I understand that \w matches an alphanumeric character, including "_"
same as [A-Za-z0-9_] in ASCII

that I know it finds for numbers , letters including underscore ..
which is correct here but the thing that is confusing ot me
also we have used \d which finds for matches a digit same as [0-9] in
ASCII.. so we have used 0-9 twice! any comment about it?

No idea. As you say, it seems to be redundant.

Im also seeing these urls again

#generic http://variable.domain.com/path/filename."ex";, "ext" or 
"exte"
#http://cdn1-28.projectplaylist.com
#http://s1sdlod041.bcst.cdn.s1s.yimg.com

^ means that we matches the beginning of a line or string.
m/^http:\/\/ ... we used at the start (.*?) which seems to be to find
anything !

Yes.

If we want to look at this url ; 
#http://s1sdlod041.bcst.cdn.s1s.yimg.com

If Im correct then (.*?) means to match "s1sdlod041" and then the
second element(\.[^\.\-]*?\..*?) we moved to . after
"s1sdlod041" so nw we have "http://s1sdlod041."; but I want to know 
how
about "[^\.\-]*?\..*?" like [] or we used ^ for \. and \-
coz we are also finding dashes or dots .. after that we used "*"
anything! and then Question Mark "?" .. something also confusing to 
me
"\.." or "\..*?" .

(.*?) should match the whole: "s1sdlod041.bcst.cdn.s1s" or 
"evil.com/?url=http://blah";. Then...

Maybe a bug: this should probably be: ([\w\-\.]?) to avoid that OR.

(\.[^\.\-]*?\..*?) matches: "yimg.com" or "yimg.com/blah/blah". Then...
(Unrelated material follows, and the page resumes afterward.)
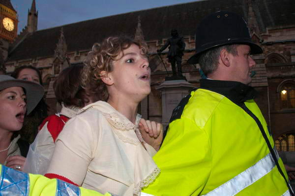 Tamsin Osmond looks jubilant as the Climate Rush reaches the Houses of Parliament
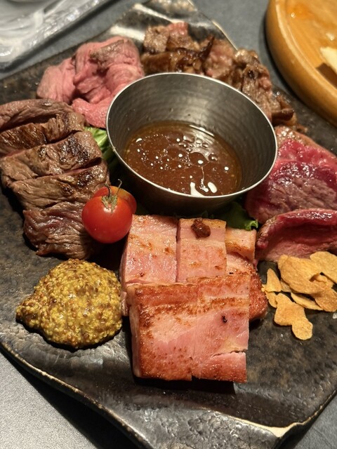 お店の名前にちなんだ『肉盛り合わせ』は黒毛和牛のサーロインや霜降りが食べられる贅沢メニュー

Maybe a bug: this should probably be: (\.[^\.\-]*?\.[\w]*?) to avoid 
that OR and make the next bit match the whole path instead of filename.

\/ matches a "/". Then...

([^\?\&\=]*) matches "filename" or nothing. Then...

\. matches a ".". Then...

([\w\d]{2,4}) matches some alphanumeric 2-4 bytes long. Then...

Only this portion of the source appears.